While most people dying from COVID-19 are elderly, up to 5 to 10 percent of younger adults and children can also be seriously infected by the SARS-CoV-2 virus. Researcher from all over the world have tried to determine why some people become very ill and others are barely affected with COVID-19.
Researchers from the University of Bergen and their French colleagues are getting closer to an answer.
"We found that persons with serious COVID-19 disease have antibodies that are blocking so-called interferons, which are an important part of the body´s defence mechanism," says Professor Eystein Husebye at the Department of Clinical Science, University of Bergen (UiB).
Enable possible treatment
Husebye was involved in this study because he has had long experience with patients suffering from the immune disease APS1. APS1 is a serious, but rare, immune disease. Patients with APS1 have a high concentration of antibodies against interferones.

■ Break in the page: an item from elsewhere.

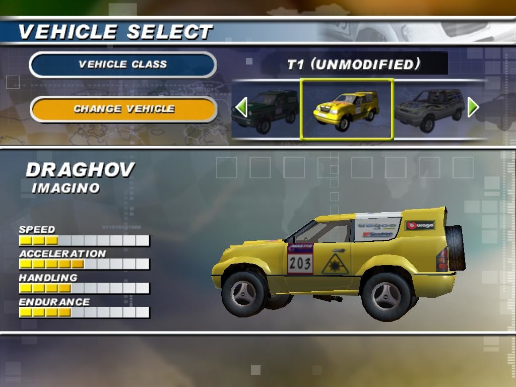 Аркадная гонка на внедорожниках по не имеющим чётких боковых границ трассам на пересечённой местности. Вроде бы сделана по лицензии малоизвестного раллийного чемпионата (правда, явно без получения такой же лицензии на марки автомобилей - все они здесь вымышленные).
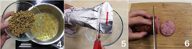 puis ajoutez-les au soffritto 4 : elles devront rissoler pendant environ 10 minutes. Lorsque le cotechino est prêt, sortez-le du sachet (en égouttant complètement le liquide gélatineux qui se forme à l'intérieur) 5 et laissez-le refroidir. À ce stade, épluchez le cotechino avec l'aide d'un couteau, coupez-le grossièrement et mettez-le dans un mixeur 6.

If these patients then become infected with COVID-19, their bodies will work against their own immune systems. In addition, this response has also been seen in patients with milder immune diseases.
"It is relatively easy to see if young people with COVID-19 have these antibodies in their blood. If so, it might be possible to supply them with extra interferons as treatment," Husebye says.

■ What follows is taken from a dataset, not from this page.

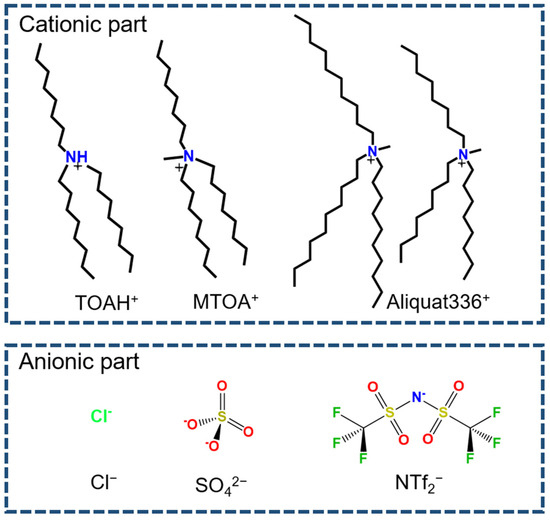 Structure of cations investigated (top): trioctylammonium ([TOAH]+), methyltrioctylammonium ([MTOA]+) and Aliquat 336. Structure of anions tested (bottom): sulphate (SO42−), chloride (Cl−) and bis(trifluoromethanesulfonyl)imide (NTf2−).

May explain gender differences
The UiB-discoveries support other mysterious findings relating to COVID-19.
"Deaths and severe COVID-19 are more frequent among men than women. Our study has shown that men have more of these antibodies," Husebye says.
Even if it is easy to use blood tests to discover antibodies against interferons, Husebye does not recommend massive screening in healthy people. Most people with APS1 are diagnosed in their childhood, and most people with immune failure have been diagnosed already.
"Immune failure is just a piece in the puzzle when it comes to understand why young people may die of COVID-19. Old people generally die of more complex causes," says Eystein Husebye.